O Tribunal Regional Eleitoral de Mato Grosso formou maioria para rejeitar as preliminares apresentadas pela defesa da vereadora cassada Monnize da Costa Dias Zangeroli e do ex-secretário de Estado Éder Moraes, em recurso que tenta reverter a condenação por compra de votos, abuso de poder econômico e gastos ilícitos de campanha nas eleições municipais de 2024, em Diamantino. Apesar do avanço do julgamento, a análise foi interrompida após pedido de vista do juiz-membro Pérsio Landim, o que adiou a conclusão do caso.
Na fase preliminar, o colegiado afastou as principais teses da defesa que buscavam anular o processo. Entre os pontos rejeitados está a alegação de nulidade das provas obtidas por meio de busca e apreensão. O relator, juiz Raphael Arantes, votou pela validade dos elementos probatórios, sendo acompanhado pela maioria dos magistrados, ainda que tenha havido divergência
Também por unanimidade, o tribunal rejeitou o argumento de ausência de fundamentação da sentença, entendendo que a questão se confunde com o mérito da ação e não configura nulidade processual. A tese de cerceamento de defesa seguiu o mesmo caminho, sendo afastada pelos membros do tribunal sob o entendimento de que não houve prejuízo ao contraditório e à ampla defesa durante a instrução.
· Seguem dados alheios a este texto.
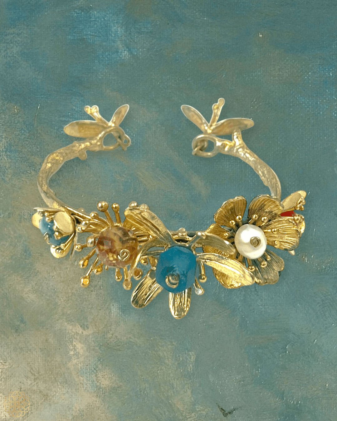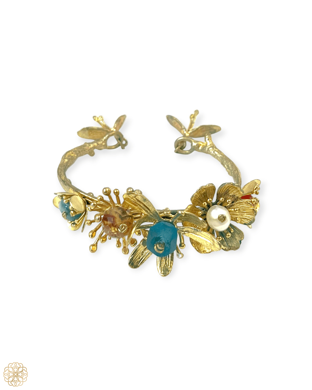 Bring a burst of nature’s beauty to your wrist with this Colorful Floral Cuff Bracelet—a joyful, garden-inspired piece handcrafted with creativity and care. The cuff itself is shaped like a textured brass branch, adorned with a vibrant arrangement of gemstones and delicate floral motifs that blossom across the top. Each end of the cuff is finished with a detailed floral accent, completing the naturalist story in brass.

Superada essa etapa, o julgamento avançou para o mérito do recurso — momento em que começaram a surgir divergências entre os magistrados. Parte do colegiado passou a adotar entendimento distinto do relator, sinalizando uma possível reavaliação da condenação imposta em primeira instância.
Diante desse cenário, o pedido de vista apresentado por Pérsio Landim interrompeu a sessão antes da formação de maioria definitiva quanto ao mérito. Com isso, ainda não há decisão final sobre a manutenção ou eventual reversão da cassação.
Na sentença de primeiro grau, a Justiça Eleitoral reconheceu a prática de abuso de poder econômico, captação ilícita de sufrágio e irregularidades na arrecadação e nos gastos de campanha. Como consequência, foi determinada a cassação do diploma de Monnize, a inelegibilidade dela e de Éder Moraes por oito anos, além da aplicação de multa de R$ 53,2 mil.
O recurso em análise no TRE-MT tenta anular ou reformar integralmente a decisão, sob alegação de ausência de provas e falhas processuais. O Ministério Público Eleitoral já se manifestou contra o pedido, defendendo a manutenção da condenação.
O julgamento será retomado após a devolução dos autos pelo magistrado que pediu vista, quando o plenário deverá concluir a votação do mérito e definir o desfecho do processo.